Can't get IP rotation right? Hands-on with AWS
The old iron doing data collection should understand that IP being blocked is as common as choking on a meal. Today, we teach you to play with low-cost rotation with AWS elastic IP.Monthly costs can be kept under 20 US dollarsThe savings are at least three times that of buying an off-the-shelf agent.
Why do you have to use AWS?
There's a hidden benefit to this Amazon stuff:Each account can whore out 3.5 hours of EC2 free hours per monthThe first is to use the t2.micro model (configuration enough), with flexible IP dynamic switching. Let's use the t2.micro model (configuration enough), with the elastic IP dynamic switching, the actual test of 50 times a day to change the IP without gasping. The point is - the elastic IP is free of charge when you bind the instance, and only starts billing when you unbind it, so this loophole is the key to saving money.
| manipulate | cost |
|---|---|
| EC2 instances running | $0.0116/hour |
| Elastic IP Idle | $0.005/hour |
| data transmission | First 1GB free |
Four steps to build a rotating service
Step 1: Open an EC2 instance
Choose Ubuntu system, instance type pick t2.micro. security group settings to release port 3128 (for installing Squid proxy later), remember to turn off port 22 extranet access, use the SSH connection that comes with AWS is more secure.
Step 2: Mount the Elastic IP
Request 3 elastic IPs in the console (don't be greedy, AWS checks for abuse). Use this script for automatic switching:
! /bin/bash
OLD_IP=$ (curl -s http://169.254.169.254/latest/meta-data/public-ipv4)
aws ec2 associate-address --instance-id $INSTANCE_ID --public-ip $NEW_IP
aws ec2 release-address --allocation-id $OLD_IP
Step 3: Install Squid Proxy
Hit these three lines of command to get it done:
sudo apt update
sudo apt install squid3
sudo systemctl start squid
The configuration file changes these two places:
1. http_port 3128 to 0.0.0.0:3128
2. add acl localnet src 0.0.0.0/0/0
Step 4: Setting up a timed task
Use crontab to run a toggle script every 30 minutes so that the IP address is automatically refreshed. It is recommended to set the time interval to be randomized so that the target site does not find a pattern.
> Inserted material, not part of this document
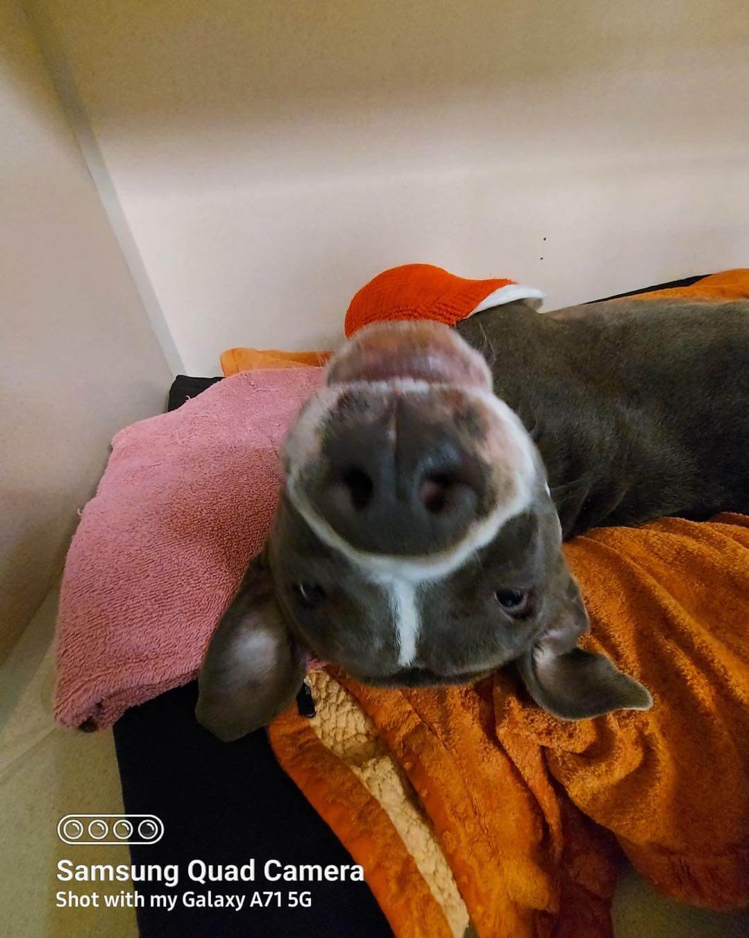“They say she is very happy to see anyone who comes over to her and wags her tail and rolls over for belly scratches. Please continue to send her all the prayers and positive vibes.”

Three Tips for Maintenance
1. Everyday CloudWatch: the main focus on the network out of the flow, a sudden surge of eighty percent is the crawler back grips the
2. Weekly clearing of logs: /var/log/squid/access.log this file eats the hard disk
3. Prepare an automatic telescopic group: In case the IP is blocked too hard, automatically open a new instance to top it up
QA time
Q: Why do you recommend ipipgo?
A: their residential agent can directly dock the AWS API, to change the IP directly when the interface on the line, than self-built IP pool to save trouble. Especially friends who do cross-border e-commerce with ipipgoStatic Residential IPHanging a store account is much more stable than a server room IP.
Q:弹性IP切换有咋办?
A: It is tested that using AWS SDK is 3 times faster than web operation, remember to add a 5 seconds delay in the script. If it doesn't work, go directly to ipipgo's tech support, they can help to adjust the API docking.
Q: How can I quickly recover my blocked IP?
A: Don't be hard-headed! Immediately deactivate that IP segment and go to the ipipgo backend to claim a new IP pool. There's a cold trick in their house:Doing rotation with mobile base station IPThis type of IP segment has a much lower recognition rate.
This program our team ran for half a year, with ipipgo API to do the second verification, collection success rate from 63% soared to 91%. the key is the cost is controllable, encountered a large-scale blocking of the IP directly cut to their standby pool, more cost-effective than the death of the self-built IP.